# Which attachments?



## dizzy (Jun 25, 2013)

Family surprised me for Christmas w/a brand new Kitchenaid stand mixer! I was looking at the various attachments that are available and have a few in mind I'd like to have. I'm curious as to what attachments others have, and which ones they like, and if there's any that they feel aren't worth buying.


----------



## mrs whodunit (Feb 3, 2012)

I have a meat grinder. It was used a lot when I was a child. LOL 

Plan on using it this weekend we process up the cow we butchered last week.


----------



## Horseyrider (Aug 8, 2010)

Meat Grinder-- I use it for making hamburger, but also for grinding ham for ham salad, and sweet pickles for relish.

Slicer-- I really love this thing when it's time to put up kraut. I have a food processor and a mandolin, but this is what I reach for.
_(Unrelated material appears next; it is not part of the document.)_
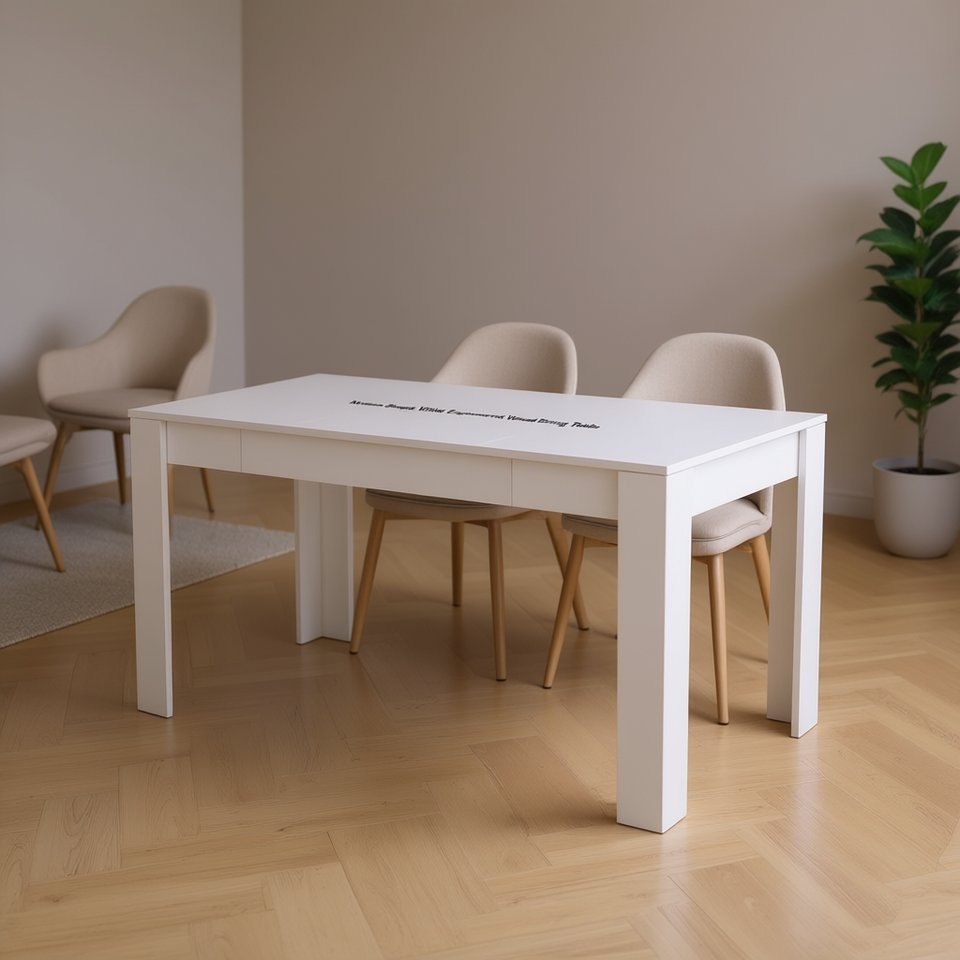 Tavolo da Pranzo Rettangolare Semplice in Legno Ingegnerizzato Bianco, Arredamento Moderno e Stabile per la Casa

It's so easy to use.

Strainer-- This is simply a Must-Have for applesauce and tomato sauce. I got the bigger tray to slide on top too; it saves the little ones from hearing bad words. 

Pasta Maker-- Years ago, I got this when the only option was extruded pasta. I used it a few times and shoved it back in the drawer. It just seemed, well, _weird._ I guess I'd rather make it by hand, or buy it.

Grain Mill-- I considered this one briefly, but discarded it. Some people really complained about it's ability to make fine flour, and about it's ability to make a decent amount of flour in a reasonable time. I compared the price of the KA grain mill to a NutriMill, and opted to do the latter. No doubt there are folks who just love this attachment, and one of them might be you; it just wasn't for me. BTW, I adore my NutriMill. 

There might be more attachments in the drawer that I've forgotten about, but those are the ones that come to mind. If I've forgotten them, I must not use them much, right?


----------



## Laura Zone 5 (Jan 13, 2010)

Meat grinder.
Love it, used it often!!


----------



## Kristinemomof3 (Sep 17, 2012)

The strainer is what I use the most. The pasta maker is too expensive in my opinion and the opening on the meat grinder is so small that the meat needs to be chunked pretty small, time consuming. Do get the strainer if you make applesauce or can tomatoes.


----------



## Vosey (Dec 8, 2012)

The strainer is great (only one I've ever had so I can't compare). I use the meat grinder sporadically. The grinder works fine if the meat doesn't have too much gristle. We have the sausage maker tubes but haven't used them. 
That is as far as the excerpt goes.